Первую запись многоголосного письма мы находим в анонимном трактате «Musica enchiriadis» (характерный византинизм — enchiriadis, руководство), составление которого с некоторой вероятностью может быть приписано фламандскому монаху Гукбальду из монастыря С. Аман, близь Турнэ 3(40-930). Но еще до него искусство органирования «Ars organandi» упоминается у ирландского философа Скота Эригена (ум. в 880 году), и, конечно, не случайным является то обстоятельство, что первое свидетельство об «органуме» мы находим у английского мыслителя. Несомненно, что естественное музыкальное чутье народа не могло не повлиять на исполнение григорианского хорала в церкви, и никакие запретительные меры не могли воспрепятствовать проникновению сил жизни за монастырям стены. Монах Гукбальд свою долгую жизнь провел в размышлениях о проблеме многоголосного пения. Руководясь образцами народного пения он установил для импровизации сопровождающего голоса к данной хоральной мелодии правило, на основании которого церковные песнопения должны были исполняться таким образом: два голоса, исходя из унисона, движутся непрерывно на определенном расстоянии, а именно кварты, друг от друга. В случае же удвоения нижнего голоса октавой, которое допускалось Гукбальдом и обращало органум в трехголосный, голоса идут квинтами, сходясь затем вновь к исходной точке. Такое пение казалось музыкальному вкусу Гукбальда чрезвычайно приятным, по сравнению с многоголосием северных народов, основанному на пользовании иными интервалами, а именно терциями и секстами. Почему Гукбальд ограничивал свободу многоголосной импровизации к данной мелодии именно
[85]
интервалами кварты и квинты, он сам, или быть может аноним X столетия, объясняет на страницах «Musica enchiriadis» и другого трактата «Harmoniae Inslitutio», приписываемого ему же. «Унисон не есть ни интервал, ни настоящий консонанс, но тождество. Консонанс же основан на совместном звучании двух тонов, не принадлежащих к одной и той же ступени гаммы, и, следовательно, представляет каждый нечто особое. Консонанс это разумное смешение двух тонов, которое получается лишь в том случай, когда два голоса, исходящее из двух различных источников, образуют созвучие, например, когда детский и мужской голос поют одно и то же (то — есть поют в октаву) или как это бывает при так называемом органуме. Органум, называемый также диафонией, состоит не из однородного, но из согласно раздельного пения. Существуют простые и сложные консонансы. Простые суть — диатессарон (греческое обозначение кварты), диапента (квинта) и диапазон (октава), а из этих трех составляются уже прочие. Октава очень мало отличается от унисона, ибо каждый тон ее как бы вновь рождается на восьмом месте и вводит с собою новый порядок. Каждую мелодию можно удвоить в двух и трех октавах. Это простейшее созвучие. В особенности же подходит название органума или диафонии к прочим консонансам — квартам и квинтам. Квинта в движении мелодии дает такую же последовательность тонов, как и в основном положении. Поэтому выполнить органум в квинтах — не трудно. При кварте наступают другие соотношения — вот почему такой органум применим не во всех случаях, и им надлежит пользоваться искусно и с осторожностью».

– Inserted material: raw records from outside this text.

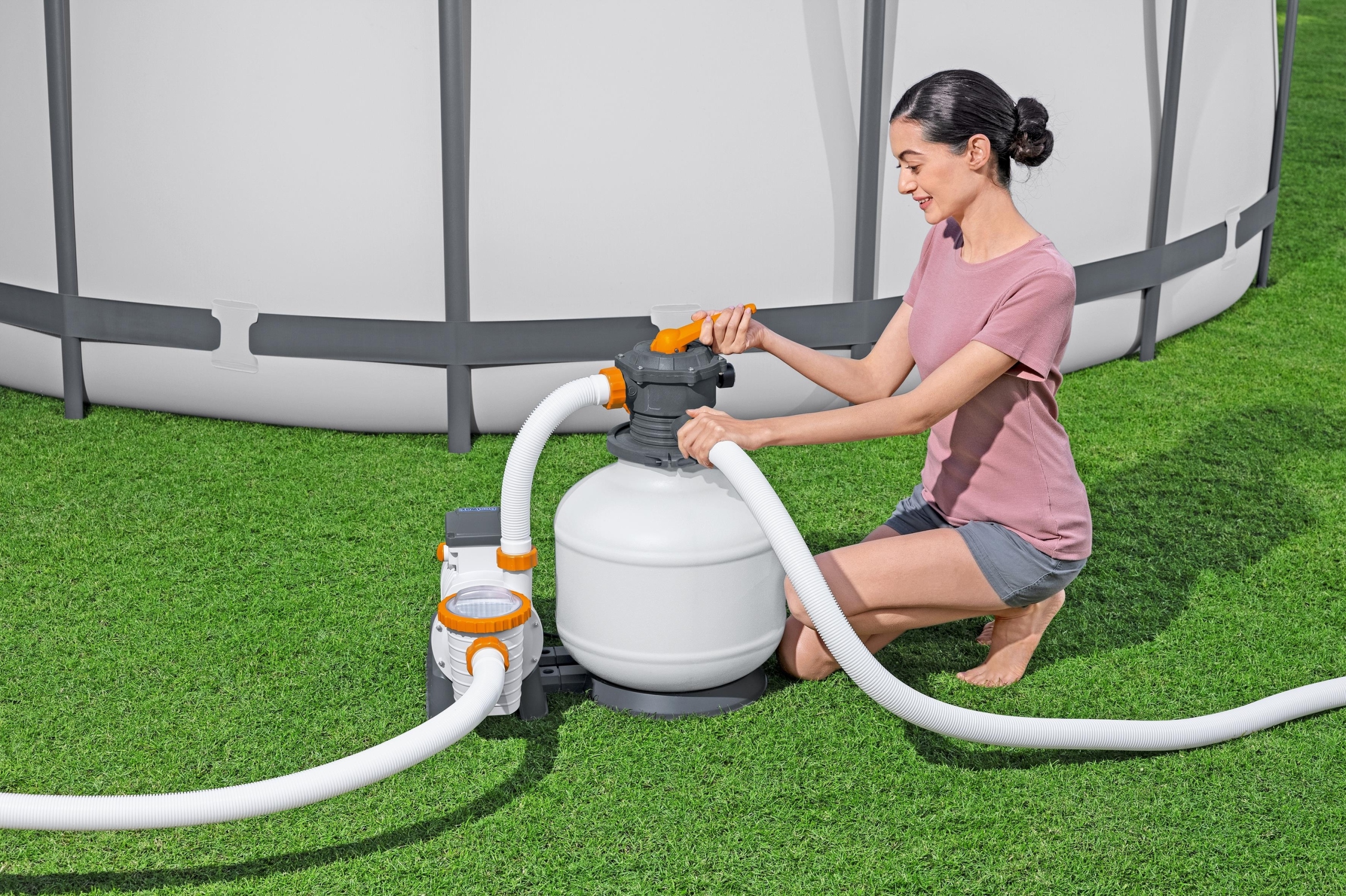 Накос пісочного фільтру Bestway® - це високоефективний та екологічно чистий спосіб зберегти чисту воду, що протікає через наземний басейн. Це вигідне рішення, оскільки насос використовує кремнеземний пісок замість традиційної вставки фільтра. Хоча традиційні картриджі слід замінювати кожні 2 тижні, кремнеземний пісок достатньо протягом 3 років. Пісок ловить бруд і домішки, але танк перед -філтер фільтрує більші речі, завдяки якому насос триватиме довше. Продукт зібраний на фабриці і сумісний з більшістю наземних басейнів з потужністю від 1100–6600 л, оскільки він оснащений адаптерами для клапанів пулу із зовнішнім діаметром 3,8 см.
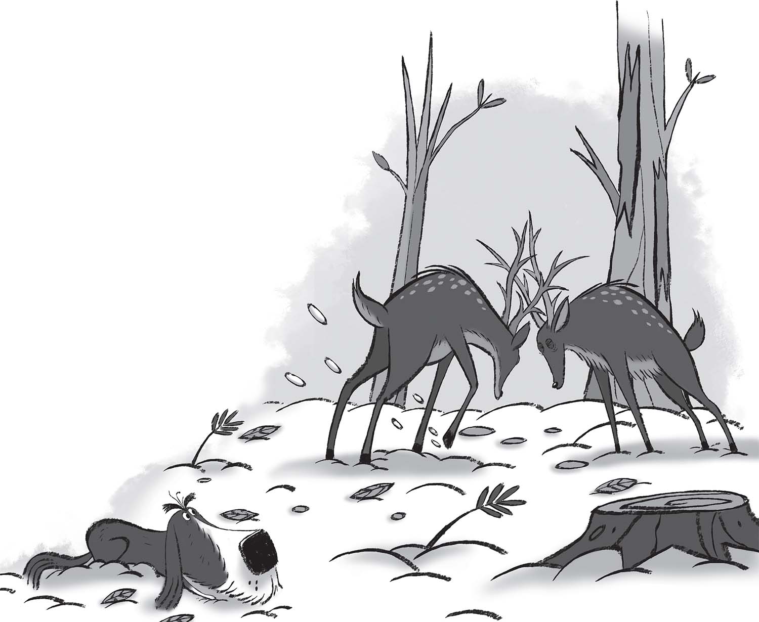 Mr Dog dropped down to his haunches and crawled like a shaggy commando through the snow and fallen leaves to see. Sure enough, two fallow bucks, reddy-brown with white spots, were slowly circling each other. Each had enormous antlers, like big bony trees sprouting from their heads. Suddenly one lowered his head and charged at the other. With a terrific clatter their antlers bashed together as each strained to push the other back.
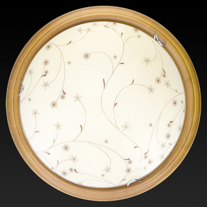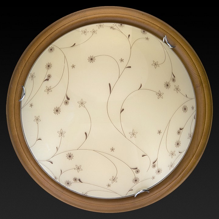 Светильник выполнен в круглом дизайне с выпуклыми плафонами, что придаёт ему элегантный и современный вид. Диаметр светильника составляет 360 мм, что позволяет ему эффективно освещать площадь до 9 м², идеально подходя для гостиных и других жилых помещений.
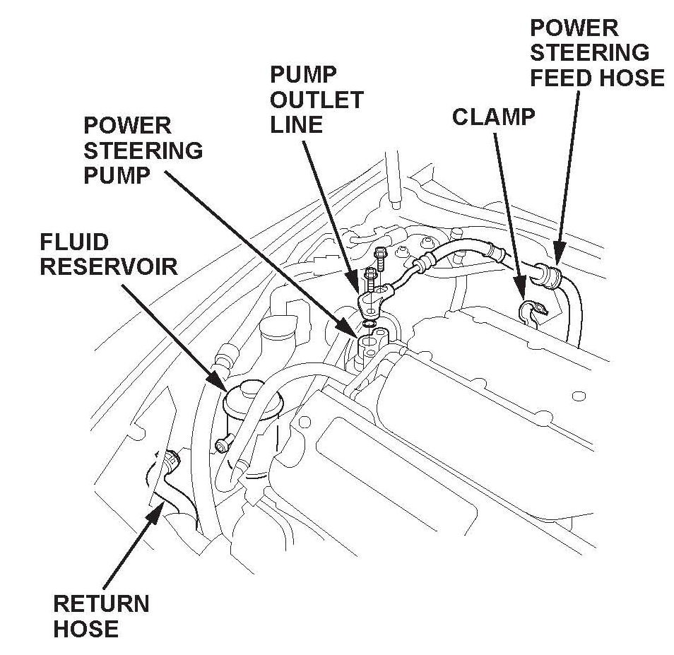 2. Remove the P/S pump outlet hose from the P/S pump, then plug the outlet hose and the P/S pump. Remove the P/S feed hose from the clamp.

Гукбальдовский «органум» представлял собой, таким образом, механическое повторение какой-либо мелодии во втором голосе, причем такая вокальная импровизация не нуждалась в особых научных комментариях, но уже с начала девятого века музыкально-теоретическая мысль начинает настолько крепнуть, что некоторые завоевания ее дошли почти неизмененными до наших дней. При таком развитии теории в эпоху раннего средневековья народная музыка не могла не служить предметом ее обстоятельного изучения. Ведь уже с IX века (886 г.) в Оксфордском университете была основана кафедра музыкальной науки, и первый представитель ее, уроженец Уэльса, сделал поэзию бардов (то — есть первые предположительные начатки народного многоголосия) предметом академического преподавания. Самое создание теории органума было попыткой согласовать традиции теории, восходившие к Боэцию, с народной музыкальной практикой. Именно основываясь на привилегированном положении кварты в греческой теории, Гукбальд настаивает на том, что центр тяжести органума представляет параллельное движение в квартах.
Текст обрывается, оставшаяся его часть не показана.